Als Leitunternehmen der deutschen Wirtschaft geben die DAX 30 auch im Bereich ihres Diversity Managements eine Richtung vor, an der sich andere Unternehmen orientieren. 

Das Sozialunternehmen UHLALA hat untersucht, in welchem der 30 Firmen bewusst eine offene Unternehmenskultur gelebt wird.
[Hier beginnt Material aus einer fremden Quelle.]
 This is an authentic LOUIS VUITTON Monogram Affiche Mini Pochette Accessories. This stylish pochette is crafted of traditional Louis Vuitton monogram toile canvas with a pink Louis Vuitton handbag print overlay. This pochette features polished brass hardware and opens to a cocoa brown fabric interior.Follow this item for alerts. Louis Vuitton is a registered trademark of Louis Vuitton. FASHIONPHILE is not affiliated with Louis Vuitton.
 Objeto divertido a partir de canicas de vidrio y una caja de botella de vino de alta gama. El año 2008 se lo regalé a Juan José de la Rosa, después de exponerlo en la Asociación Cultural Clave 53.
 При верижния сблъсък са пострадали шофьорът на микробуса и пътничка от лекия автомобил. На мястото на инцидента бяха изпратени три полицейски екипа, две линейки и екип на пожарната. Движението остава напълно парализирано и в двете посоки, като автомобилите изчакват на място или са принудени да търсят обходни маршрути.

Im Dax 30 LGBT+ Diversity Index 2020 belegt das Softwareunternehmen SAP den ersten Platz des Rankings, gefolgt von der Deutschen Bank und Siemens. Am schlechtesten schneidet in der Liste dagegen bisher E.On, Deutsche Wohnen und Linde ab.


Uhlala Group

An wen kann man sich wenden, wenn man Unterstützung sucht?

Mittlerweile gibt es viele LGBTQI*-Vereine, die Menschen bei Fragen und Sorgen unterstützen. Auf dem Regenbogenportal der Bundesregierung findet ihr viele Anlaufstellen und Informationen zu verschiedenen Fragen. Auch der Lesben- und Schwulenverband Deutschland (LSVD) hat verschiedene Angebote. Das Projekt „Queer am Arbeitsplatz“ des LSVD Sachsen bringt Menschen aus Unternehmen, Verbänden und Gewerkschaften zusammen, um die Regenbogenkompetenz in der sächsischen Arbeitswelt zu erhöhen.
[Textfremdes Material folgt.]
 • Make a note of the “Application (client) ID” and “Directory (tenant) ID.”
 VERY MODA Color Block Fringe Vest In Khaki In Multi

Die Proud at Work-Foundation setzt sich ebenfalls gegen Homophobie und Diskriminierung im Arbeitsumfeld ein. Der Berufsverband Völklinger Kreis unterstützt schwule Führungskräfte und Selbstständige.

Falls ihr euch Beratung zu Themen wie Coming out, psychische und körperliche Gesundheit, Beziehungsfragen oder Diskriminierung wünscht, könnt ihr die Rose Strippe anrufen unter 0234 19446. Auf queer.de findet ihr Hilfsangebote bezüglich der Corona-Pandemie.